This can be improved by having the PWM signal switch a voltage reference to the output.
How funny, I was just reading about this the other day!
I recently-ish got a reasonably high-end Sony CD player (CDP-XB930), which like the matching MiniDisc deck I have (the MDS-JB930), has “Current Pulse D/A Converter” plastered on the front panel. I’d never bothered looking into it, so I did, and it turns out that it’s exactly what you describe. Instead of a simple serial output from the decoder, it uses (redundant, duplicated!) balanced data pairs to the DAC, which then outputs the PWM (or is it pulse density on these? i forget.) pulse stream onto (non-duplicated) balanced pairs, which then feed into the “current pulse” chip which takes the pulsed voltage and uses it to control a constant-current source, which then ultimately gets output and smoothed. (The whole balanced pairs thing is apparently to reduce noise on the PSU rails, by ensuring that the current draw is always the same, whether a 0 or 1 is being transmitted...)
Does it actually matter for audio?

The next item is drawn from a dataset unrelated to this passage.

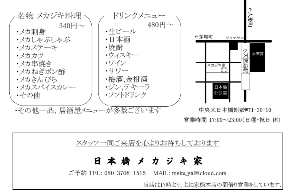 (ご予約受付先 電話:080-3708-1515 メール:meka_ya@icloud.com)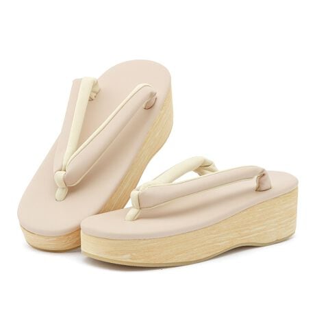 艶感のあるラメ入りの天・鼻緒と上品な艶消しの天・鼻緒で、台は落ち着いた木目調です。

I kinda doubt it. (I mean, the DACs in these things sound awesome, but so do most decent audio DACs.) But the wannabe-engineer in me does appreciate the attention to detail. (The Sony xB9xx line of products, from about 1998-2003, are really nicely made, and I like their simple aesthetics.) In the end, both CD and MD are connected to my receiver by TOSlink, so their DACs aren’t really getting used at all...
Here’s a discussion of it: https://www.diyaudio.com/forums/digital-source/21744-sony-current-pulse-dacs.html (https://www.diyaudio.com/forums/digital-source/21744-sony-current-pulse-dacs.html)
And somebody actually found the relevant patent, which explains it in detail: https://patents.google.com/patent/US5343197A/en (https://patents.google.com/patent/US5343197A/en)